With the pictures excluded, reproduce all of the data exactly.

Data to process:
▼▼▼
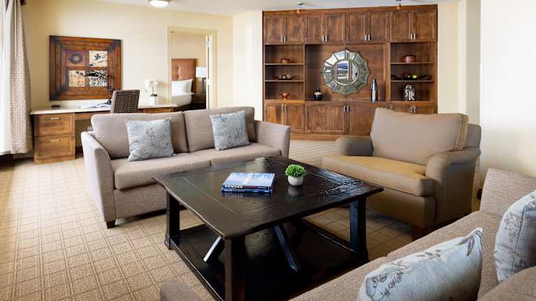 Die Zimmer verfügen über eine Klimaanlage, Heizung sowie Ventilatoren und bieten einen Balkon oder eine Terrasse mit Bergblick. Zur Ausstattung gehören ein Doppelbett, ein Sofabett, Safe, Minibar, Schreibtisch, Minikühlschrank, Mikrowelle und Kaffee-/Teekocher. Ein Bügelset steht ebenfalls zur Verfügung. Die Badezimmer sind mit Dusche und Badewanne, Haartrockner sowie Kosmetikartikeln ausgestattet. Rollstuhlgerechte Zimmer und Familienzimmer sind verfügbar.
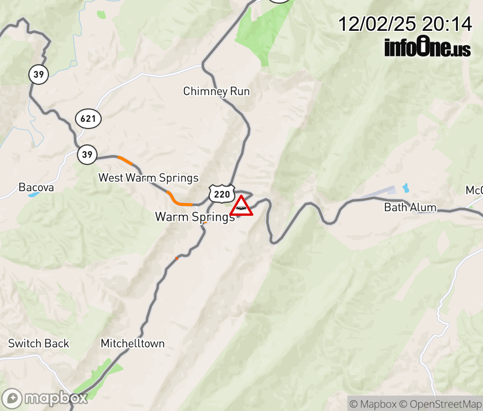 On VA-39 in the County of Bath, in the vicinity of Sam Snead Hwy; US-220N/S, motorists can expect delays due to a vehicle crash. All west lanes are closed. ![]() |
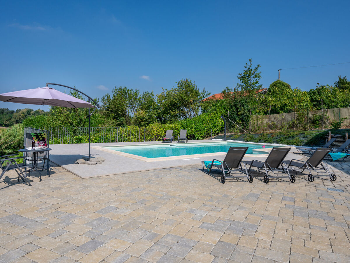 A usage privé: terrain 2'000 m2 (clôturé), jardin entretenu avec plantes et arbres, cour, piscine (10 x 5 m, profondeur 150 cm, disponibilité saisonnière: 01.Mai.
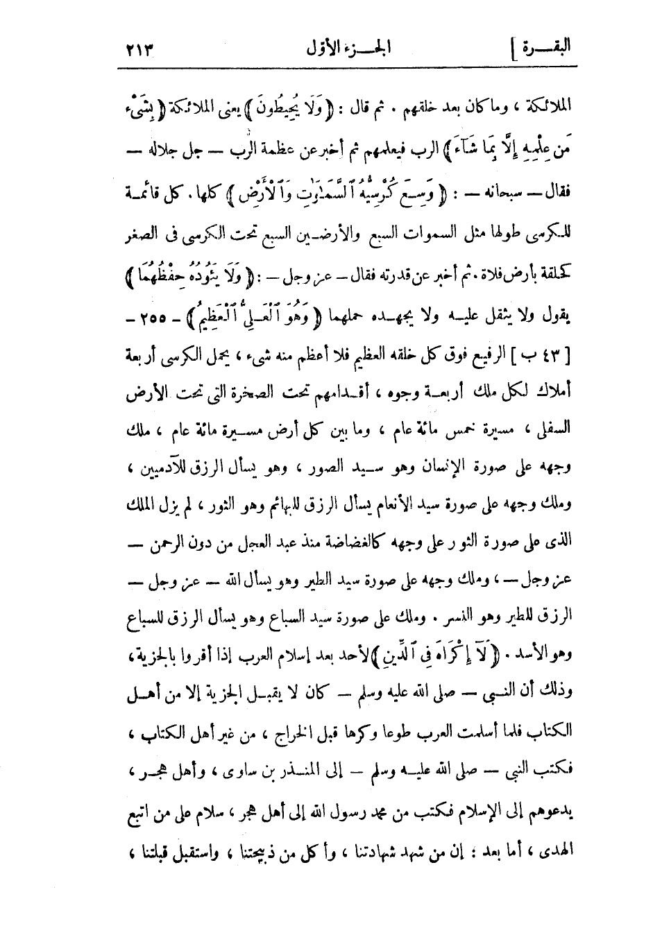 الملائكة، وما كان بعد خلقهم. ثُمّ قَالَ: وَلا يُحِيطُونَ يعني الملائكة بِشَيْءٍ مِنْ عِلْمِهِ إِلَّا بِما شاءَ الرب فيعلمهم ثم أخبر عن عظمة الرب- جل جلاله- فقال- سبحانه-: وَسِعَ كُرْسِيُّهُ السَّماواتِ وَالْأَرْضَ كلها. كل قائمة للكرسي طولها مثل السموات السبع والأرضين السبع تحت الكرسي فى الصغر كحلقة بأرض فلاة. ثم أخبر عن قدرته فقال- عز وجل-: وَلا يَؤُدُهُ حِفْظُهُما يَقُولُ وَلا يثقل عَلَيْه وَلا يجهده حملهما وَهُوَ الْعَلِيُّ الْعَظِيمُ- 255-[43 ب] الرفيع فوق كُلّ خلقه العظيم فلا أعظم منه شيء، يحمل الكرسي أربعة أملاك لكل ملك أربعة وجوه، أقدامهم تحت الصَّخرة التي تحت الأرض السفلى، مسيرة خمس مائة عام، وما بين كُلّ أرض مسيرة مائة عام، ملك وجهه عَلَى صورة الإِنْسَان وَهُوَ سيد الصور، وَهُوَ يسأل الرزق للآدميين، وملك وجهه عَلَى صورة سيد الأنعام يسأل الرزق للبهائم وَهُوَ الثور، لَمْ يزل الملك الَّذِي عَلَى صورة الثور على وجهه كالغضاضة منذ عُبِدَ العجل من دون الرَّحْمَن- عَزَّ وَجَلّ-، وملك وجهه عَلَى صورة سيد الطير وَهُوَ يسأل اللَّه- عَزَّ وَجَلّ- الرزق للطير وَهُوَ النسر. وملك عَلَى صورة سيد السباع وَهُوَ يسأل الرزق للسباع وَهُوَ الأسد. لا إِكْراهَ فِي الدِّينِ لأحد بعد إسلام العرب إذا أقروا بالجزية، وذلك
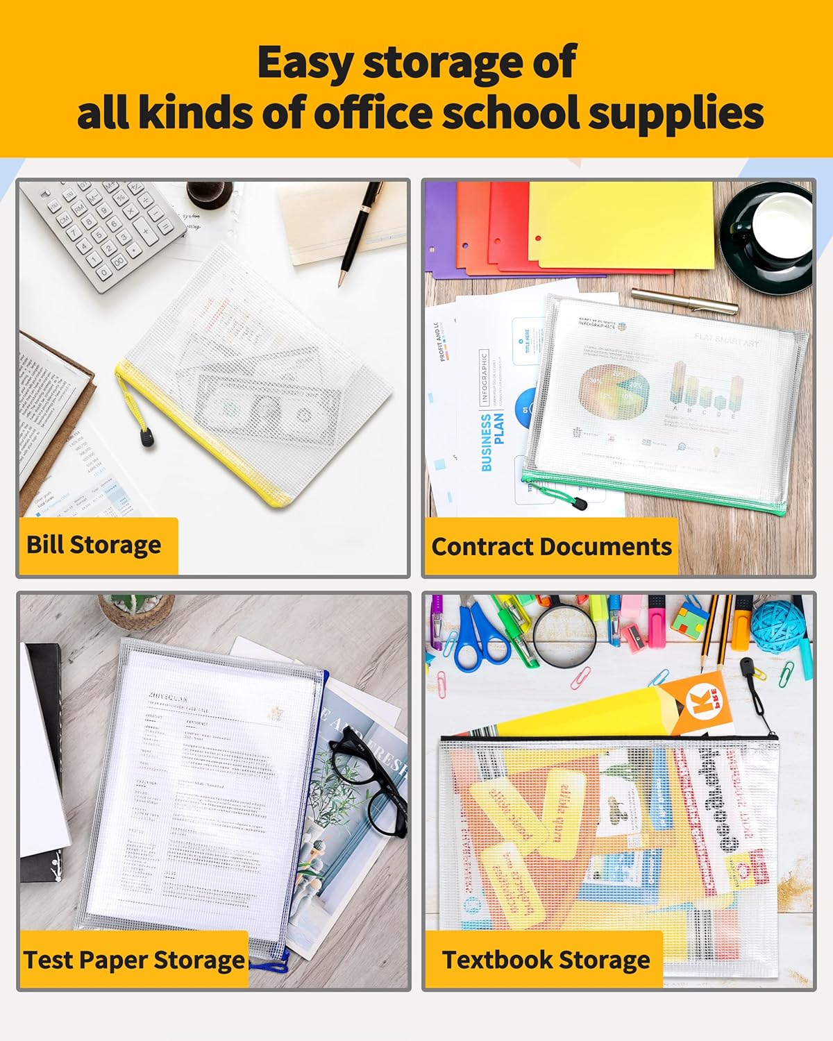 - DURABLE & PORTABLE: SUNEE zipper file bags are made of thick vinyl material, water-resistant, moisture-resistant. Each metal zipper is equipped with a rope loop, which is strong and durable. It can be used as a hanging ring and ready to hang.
▲▲▲
Your solution:
 Die Zimmer verfügen über eine Klimaanlage, Heizung sowie Ventilatoren und bieten einen Balkon oder eine Terrasse mit Bergblick. Zur Ausstattung gehören ein Doppelbett, ein Sofabett, Safe, Minibar, Schreibtisch, Minikühlschrank, Mikrowelle und Kaffee-/Teekocher. Ein Bügelset steht ebenfalls zur Verfügung. Die Badezimmer sind mit Dusche und Badewanne, Haartrockner sowie Kosmetikartikeln ausgestattet. Rollstuhlgerechte Zimmer und Familienzimmer sind verfügbar.
 On VA-39 in the County of Bath, in the vicinity of Sam Snead Hwy; US-220N/S, motorists can expect delays due to a vehicle crash. All west lanes are closed. ![]() |
 A usage privé: terrain 2'000 m2 (clôturé), jardin entretenu avec plantes et arbres, cour, piscine (10 x 5 m, profondeur 150 cm, disponibilité saisonnière: 01.Mai.
 الملائكة، وما كان بعد خلقهم. ثُمّ قَالَ: وَلا يُحِيطُونَ يعني الملائكة بِشَيْءٍ مِنْ عِلْمِهِ إِلَّا بِما شاءَ الرب فيعلمهم ثم أخبر عن عظمة الرب- جل جلاله- فقال- سبحانه-: وَسِعَ كُرْسِيُّهُ السَّماواتِ وَالْأَرْضَ كلها. كل قائمة للكرسي طولها مثل السموات السبع والأرضين السبع تحت الكرسي فى الصغر كحلقة بأرض فلاة. ثم أخبر عن قدرته فقال- عز وجل-: وَلا يَؤُدُهُ حِفْظُهُما يَقُولُ وَلا يثقل عَلَيْه وَلا يجهده حملهما وَهُوَ الْعَلِيُّ الْعَظِيمُ- 255-[43 ب] الرفيع فوق كُلّ خلقه العظيم فلا أعظم منه شيء، يحمل الكرسي أربعة أملاك لكل ملك أربعة وجوه، أقدامهم تحت الصَّخرة التي تحت الأرض السفلى، مسيرة خمس مائة عام، وما بين كُلّ أرض مسيرة مائة عام، ملك وجهه عَلَى صورة الإِنْسَان وَهُوَ سيد الصور، وَهُوَ يسأل الرزق للآدميين، وملك وجهه عَلَى صورة سيد الأنعام يسأل الرزق للبهائم وَهُوَ الثور، لَمْ يزل الملك الَّذِي عَلَى صورة الثور على وجهه كالغضاضة منذ عُبِدَ العجل من دون الرَّحْمَن- عَزَّ وَجَلّ-، وملك وجهه عَلَى صورة سيد الطير وَهُوَ يسأل اللَّه- عَزَّ وَجَلّ- الرزق للطير وَهُوَ النسر. وملك عَلَى صورة سيد السباع وَهُوَ يسأل الرزق للسباع وَهُوَ الأسد. لا إِكْراهَ فِي الدِّينِ لأحد بعد إسلام العرب إذا أقروا بالجزية، وذلك
 - DURABLE & PORTABLE: SUNEE zipper file bags are made of thick vinyl material, water-resistant, moisture-resistant. Each metal zipper is equipped with a rope loop, which is strong and durable. It can be used as a hanging ring and ready to hang.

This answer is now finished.